- Problem description: Without any of their pictures, return all of the records exactly.
┄┄┄┄┄┄┄┄┄┄┄┄┄┄┄┄┄┄┄┄
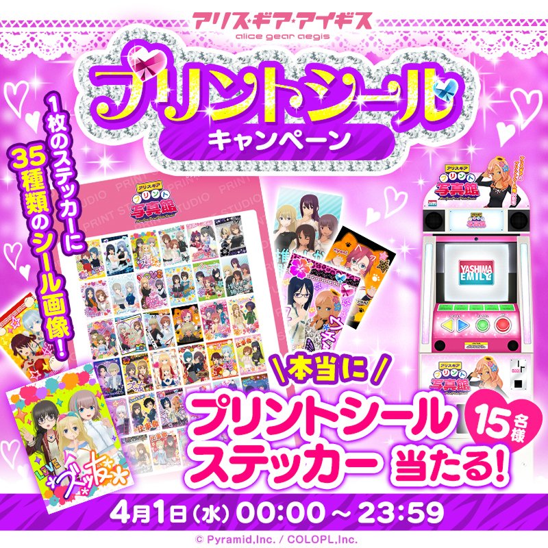 プリントシール機「アリスギアプリント写真館」の特設サイト公開を記念して、抽選でアリスギアプリントシールが当たるキャンペーンを実施いたします。『アリスギア』の公式Twitter(@colopl_alice)をフォローしたうえで、特設サイトからアクトレスのプリントシールをシェアすることで応募完了となります。
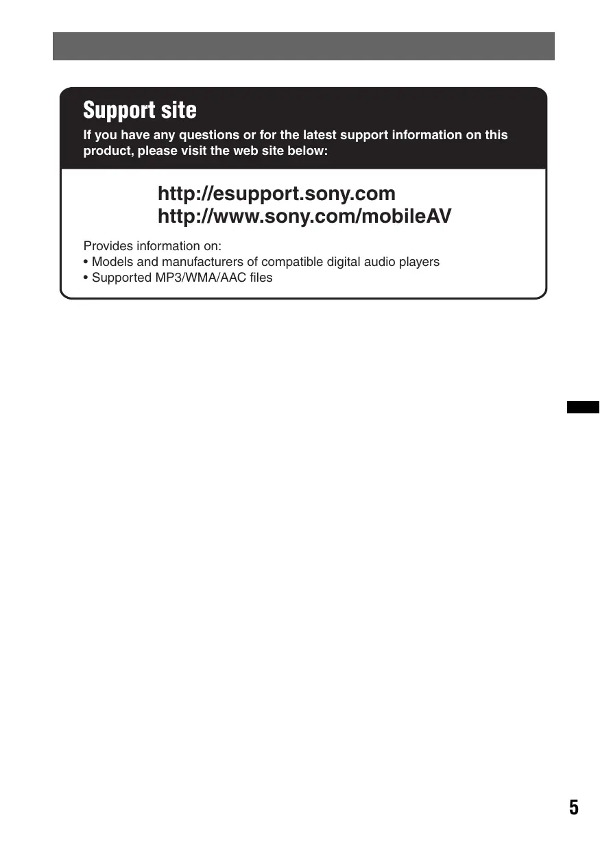 http://esupport.sony.com http://www.sony.com/mobileAV Provides information on:
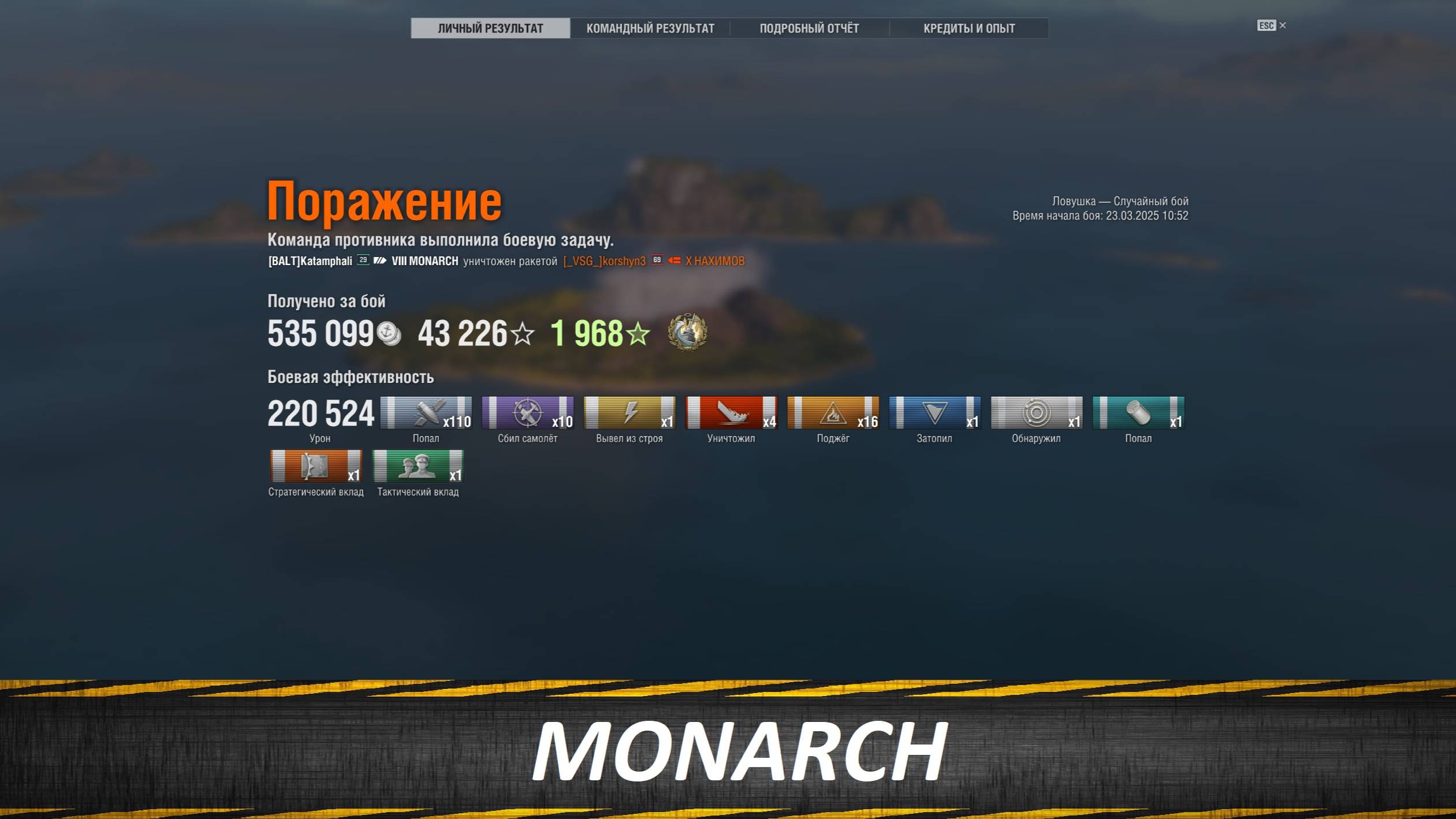MONARCH, 220 524 урона, 4 уничтоженных, 1 награда
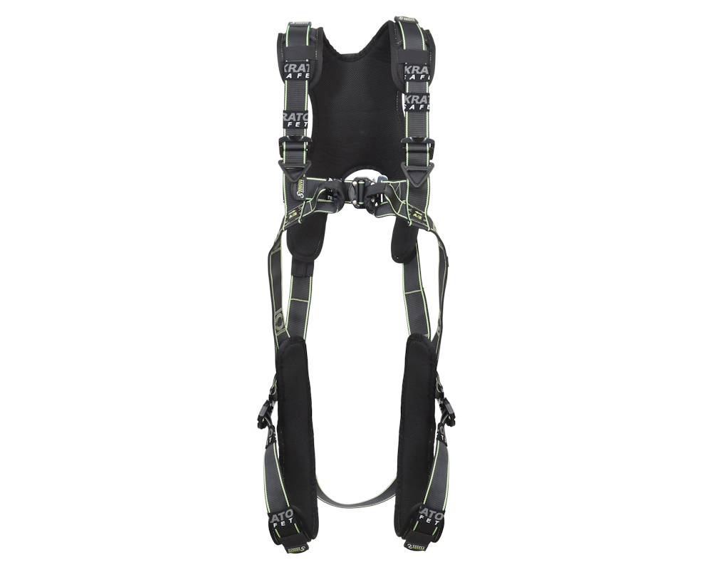 • 2 aanhechtingsringen voor veiligheidslijnen op de schouderbanden en voorzien van extra textiel versteviging die zorgt voor een beter comfort van de gebruiker en het in zich opnemen van de schok bij een val.
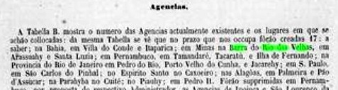 Nova Monteiro schreibt in Administrações e Agencias Postaes do Brasil Imperio (Brasil Filatelico/RJ, 1934-5; Reprint SPP 1994-1999), dass es dort seit Oktober 1858 ein Postamt gab. Dies wird durch den folgenden Bericht der Generaldirektion der Post bestätigt:
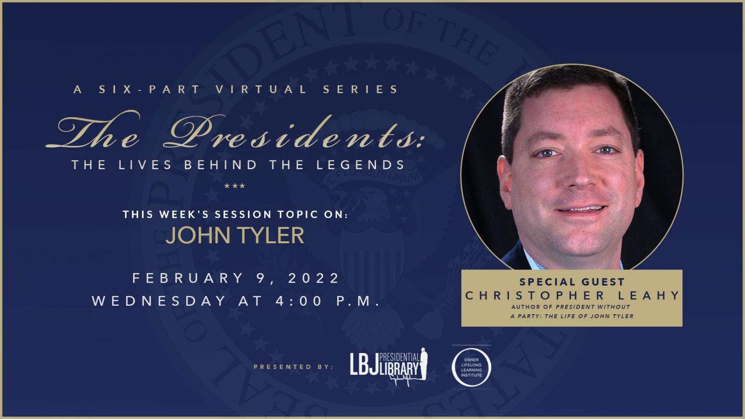 Just months after a presentation by Dr. Leahy was broadcast on C-SPAN, he’ll take part in an online discussion hosted by the Lyndon B. Johnson Presidential Library on Wednesday, Feb. 9, at 5 p.m. (EST). The topic of both forums: President John Tyler, whose life and career Dr. Leahy documented in his recent biography, “President without a Party: The Life of John Tyler.”
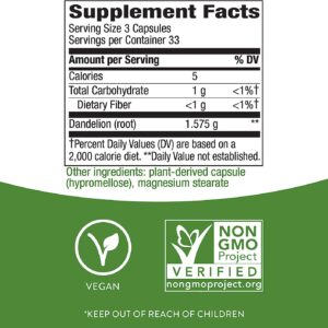 Nature’s Way Dandelion Root, 1,575 mg per serving, Non-GMO, Gluten Free, Vegetarian, 100 Capsules
┄┄┄┄┄┄┄┄┄┄┄┄┄┄┄┄┄┄┄┄
- The answer:
 プリントシール機「アリスギアプリント写真館」の特設サイト公開を記念して、抽選でアリスギアプリントシールが当たるキャンペーンを実施いたします。『アリスギア』の公式Twitter(@colopl_alice)をフォローしたうえで、特設サイトからアクトレスのプリントシールをシェアすることで応募完了となります。
 http://esupport.sony.com http://www.sony.com/mobileAV Provides information on:
MONARCH, 220 524 урона, 4 уничтоженных, 1 награда
 • 2 aanhechtingsringen voor veiligheidslijnen op de schouderbanden en voorzien van extra textiel versteviging die zorgt voor een beter comfort van de gebruiker en het in zich opnemen van de schok bij een val.
 Nova Monteiro schreibt in Administrações e Agencias Postaes do Brasil Imperio (Brasil Filatelico/RJ, 1934-5; Reprint SPP 1994-1999), dass es dort seit Oktober 1858 ein Postamt gab. Dies wird durch den folgenden Bericht der Generaldirektion der Post bestätigt:
 Just months after a presentation by Dr. Leahy was broadcast on C-SPAN, he’ll take part in an online discussion hosted by the Lyndon B. Johnson Presidential Library on Wednesday, Feb. 9, at 5 p.m. (EST). The topic of both forums: President John Tyler, whose life and career Dr. Leahy documented in his recent biography, “President without a Party: The Life of John Tyler.”
 Nature’s Way Dandelion Root, 1,575 mg per serving, Non-GMO, Gluten Free, Vegetarian, 100 Capsules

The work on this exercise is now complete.